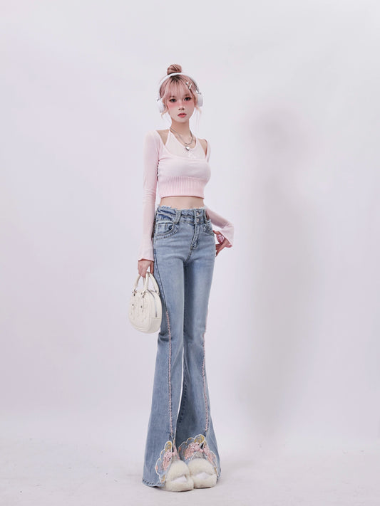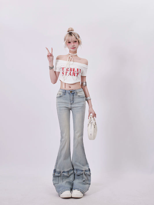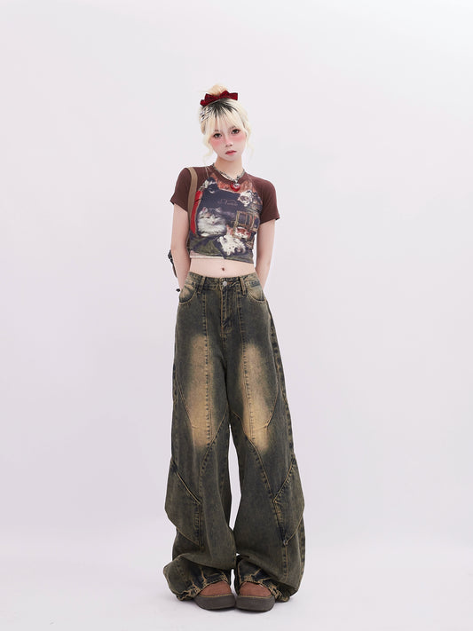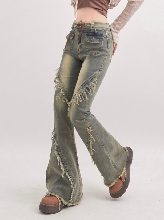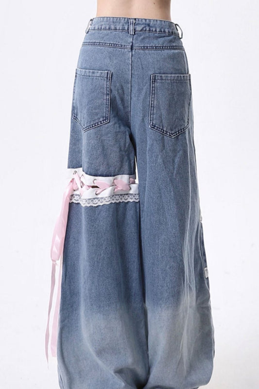 アメリカンレトロ グラデーションストラップデザインジーンズ
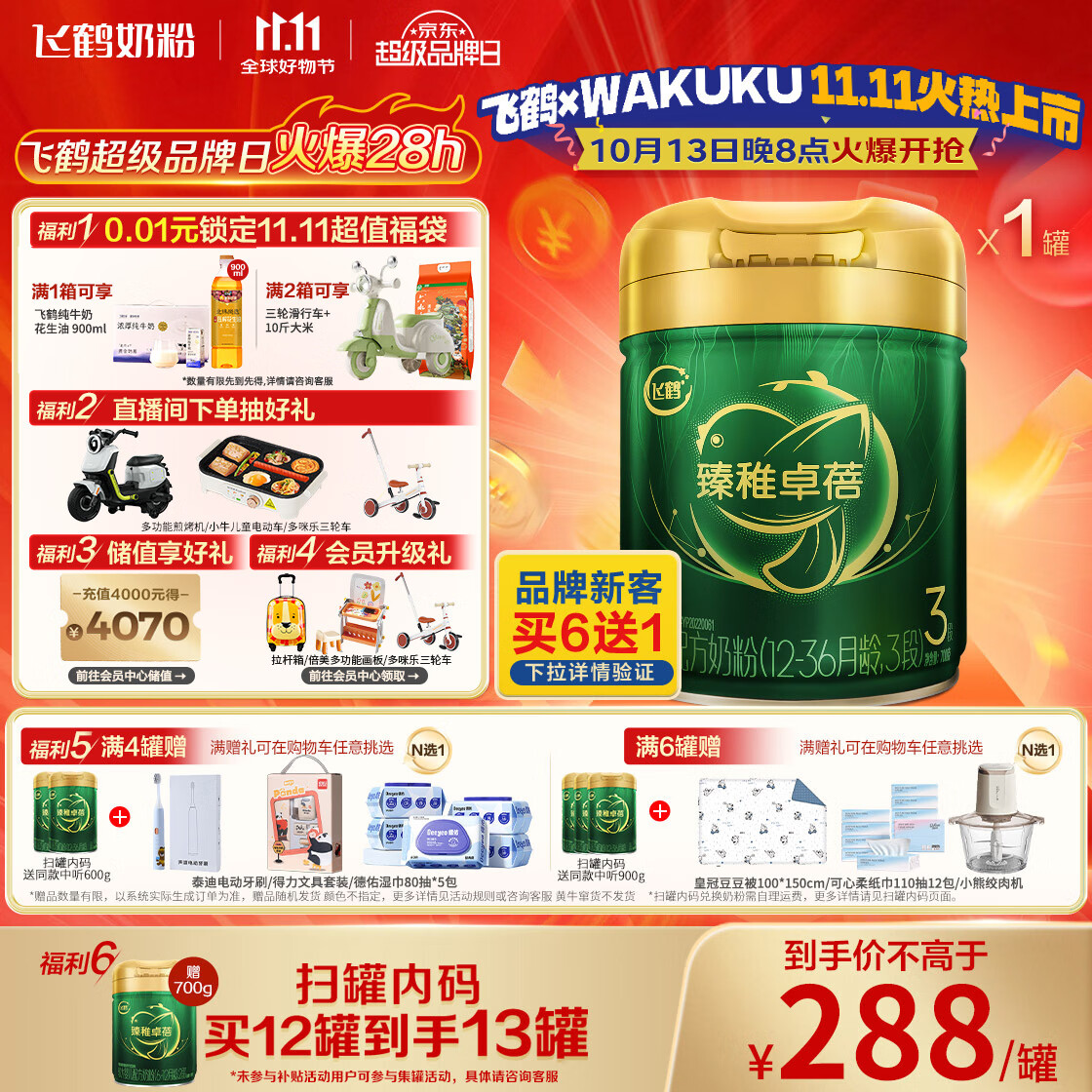 飞鹤臻稚卓蓓有机 幼儿配方奶粉3段(1-3岁)700g 乳铁蛋白 育儿补贴
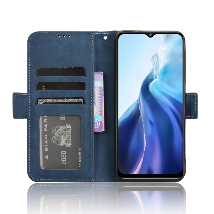 Funda de Cuero para Oukitel C35 / C36 con Textura Becerro y Ranuras para Tarjetas (Azul)
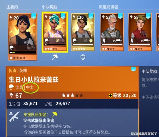 中间放“中士”,我这个图片是蛋糕女,可以替换成“琼斯士兵”,效果都是增加突击步枪暴击伤害,右卡随意。
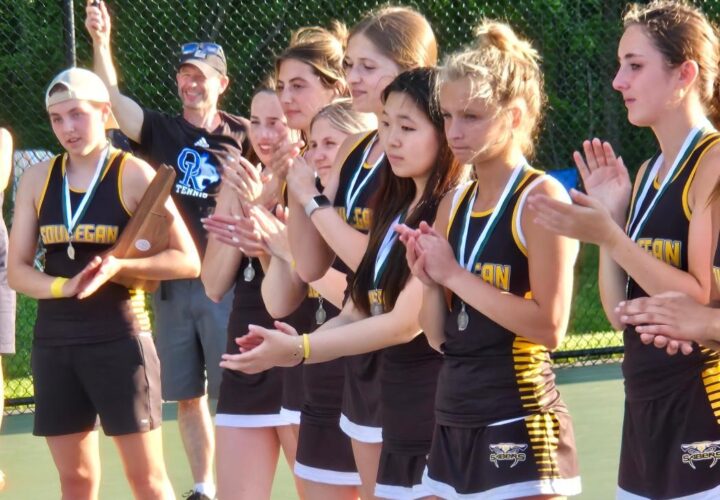 DOVER – She hit an overhand smash to give the Souhegan High School girls tennis No. 2 doubles team an 8-6 win in the Division II finals on Wednesday, a great way for Mishka Tower to end her Saber athletic career.

------------

▸ Your objective: Return the listing unchanged except for the pictures, which should be dropped.

▸ The completed task:
 アメリカンレトロ グラデーションストラップデザインジーンズ
 飞鹤臻稚卓蓓有机 幼儿配方奶粉3段(1-3岁)700g 乳铁蛋白 育儿补贴
 Funda de Cuero para Oukitel C35 / C36 con Textura Becerro y Ranuras para Tarjetas (Azul)
 中间放“中士”,我这个图片是蛋糕女,可以替换成“琼斯士兵”,效果都是增加突击步枪暴击伤害,右卡随意。
 DOVER – She hit an overhand smash to give the Souhegan High School girls tennis No. 2 doubles team an 8-6 win in the Division II finals on Wednesday, a great way for Mishka Tower to end her Saber athletic career.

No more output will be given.